Moreover, in our proposed Phase 2, we'll be assessing CD73 retrospectively and we will be focused heavily on whether or not the signals that we are seeing are predominantly in that CD73 positive group. Now in terms of external benchmarks, as the slide showed, we're very interested in outcomes from competitor studies because positive outcomes from these competitor studies will really validate the adenosine pathway. And these studies include studies with oleclimab that is being developed by AstraZeneca in earlier stages of disease, resectable disease, Stage 3 unresectable disease, excuse me, as well as antibodies, again CD39 and small molecules. So we think that this will help again propel the field forward, give us confidence in EULE in the pathway.
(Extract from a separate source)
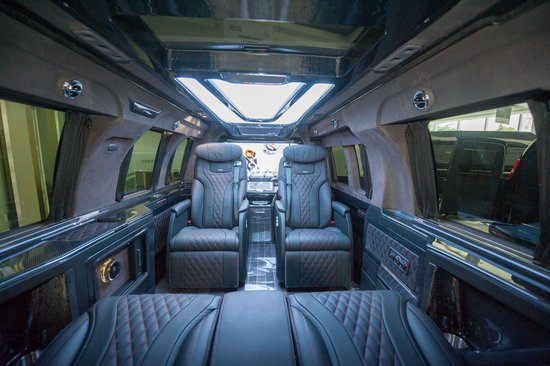 GMC商务车首领级商务车秉承了美国奢华房车的一贯风格,外形高大威猛,辅以大型双对拉式中门及高顶规划,并且选用了很多镀铬饰件,能够说只需置身于该车中,到处都能感受到其所显示的君临天下的霸气。

And I think with the signal that we hope to see, from our study, from our proposed study with pembro chemo and with the TJ Biodoublet study that is in the CD73 selected population, we will get support for our hypothesis that it's the patients that have 5 CD73 expression that benefit most from EULE.

[Speaker 6]

Great. Thank you very much.

[Speaker 2]

Thank you. At this time,

[Operator]

we are no additional questions. And I'll hand the call back to Doctor. Sean Fu for closing remarks.

[Speaker 2]

Great. Thank you very much again for taking the time to join our call today. And as you can gather from the discussions and the presentations, we're very excited about the pipeline and the team is dedicated to continue to push the pipeline forward in the most efficient and the scientific way. And we look forward to updating you on our future progress. And if you have any follow-up questions, please reach out to Tyler Heller, our Head of Investor Relationships.

[Speaker 2]

Have a great day. You may now disconnect the call.

[Operator]

This will conclude today's conference. Thank you for your participation.